I miss riding SO much, it was the only stable part of my life


----------



## xXGalaxyXx (Oct 17, 2011)

I have a horse, but I never get to see her. She's a gorgeous dark bay Arabian/Quarter horse mare named Tango, about 6 years old and the sweetest thing. We board her with my cousins in Oregon (we live in California :c ), since we don't have any property and the closest equestrian center is about three hours away. We just figure that if she's going to be that far away from us anyways, we might as well leave her with someone we know and trust. 
She's not really a riding horse, but she won't object to someone getting on her bareback every once in a while (she hates saddles, though!).
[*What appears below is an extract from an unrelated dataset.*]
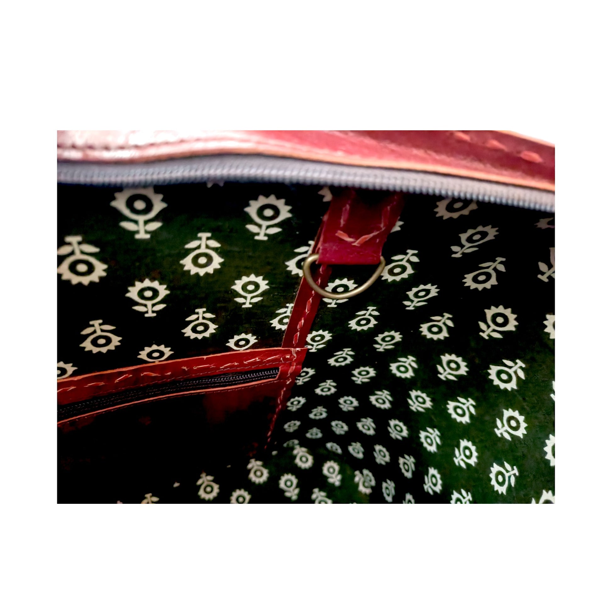 - One main compartment with side zipper pocket inside. It is lined with block printed cotton fabric.

She's a bit stubborn, though - she'll just trot for a bit in a circle and then when she gets bored, she just stands there and glares at you over her shoulder till you get the heck off of her back and leave her alone.
I love her, though. I'll see if I can get a picture.


----------



## lexylex0526 (Dec 27, 2011)

:-DMy uncle has horses a pic of whailen he is a really good horse.


----------



## Rosso1011 (Nov 13, 2011)

My mom has a small horse rescue. I like horses, I think they're nice animals and all, but I'm not real comfortable riding just yet. It just feels weird... that and my short stature makes it difficult for me to get on a saddle.


----------



## Sherlock23 (Oct 27, 2011)

I love horses! I want one so bad!! I've been obsessed with them for awhile.  they are amazing!


----------



## PaintingPintos (Dec 27, 2011)

I love to read all of your stories, whether you like horses or not. Some of them are amazing :O And here's 2 pictures of Wilma and me!


----------



## ringmybell (Jan 1, 2012)

I have an oldenburg/tb mare. 9 years old now! She is trained to a high level of jumping, and 3ed level dressaage!


----------



## ringmybell (Jan 1, 2012)

*Bella*

This is my horse jumping low. Not me though. This was her sale picture almost 2 years ago. I do mostly dressage with her now. Her name is Ring My Bell


----------



## ringmybell (Jan 1, 2012)

forgot to upload picuter


----------



## TwilightNite (Mar 3, 2011)

I simply LOVE horses! They are a great passion of mine! I used to lease and ride and trail ride on my favorite horse on the planet. His name is Windsor and he is an Arabian he is very high strung but he was not at all high strung with me, I don't think anyone had made a connection with him like I did. I we would canter around the ring with the American flag... And do numerous practices doing the drill team I was good times... And gallop in grassy meadows.... (Even better times then!) He was the sweetest! But I hardly see him anymore.... Which is really sad..... Because I don't have the money to ride now and it hurts to watch months go by and not see him more or less ride..... I hope to see him soon... You can see pics of him on my public profile. O.K that is the end of my sob story. But any way nice pics everyone! Your horses are so beautiful! Love your horse paintingpintos! What breed is he?


----------



## SDragon (Sep 26, 2011)

I like horses and would love an older one (young and hyper hoprses scare me a little). Sadly we dont have enough room. I have to console myself with my grand mother's Shady. She is a 17 year old mare. I love older horses because they are more gente. We used to have a 21 year old palimino stallion named Trigger and he was awesome. Sadly he suffered some sort of attack after we had him for 6 months and he was put down. He might have been able to be saved but it would have cost a lot and he wouldn't live for more than anothr year or so, because of his age.


----------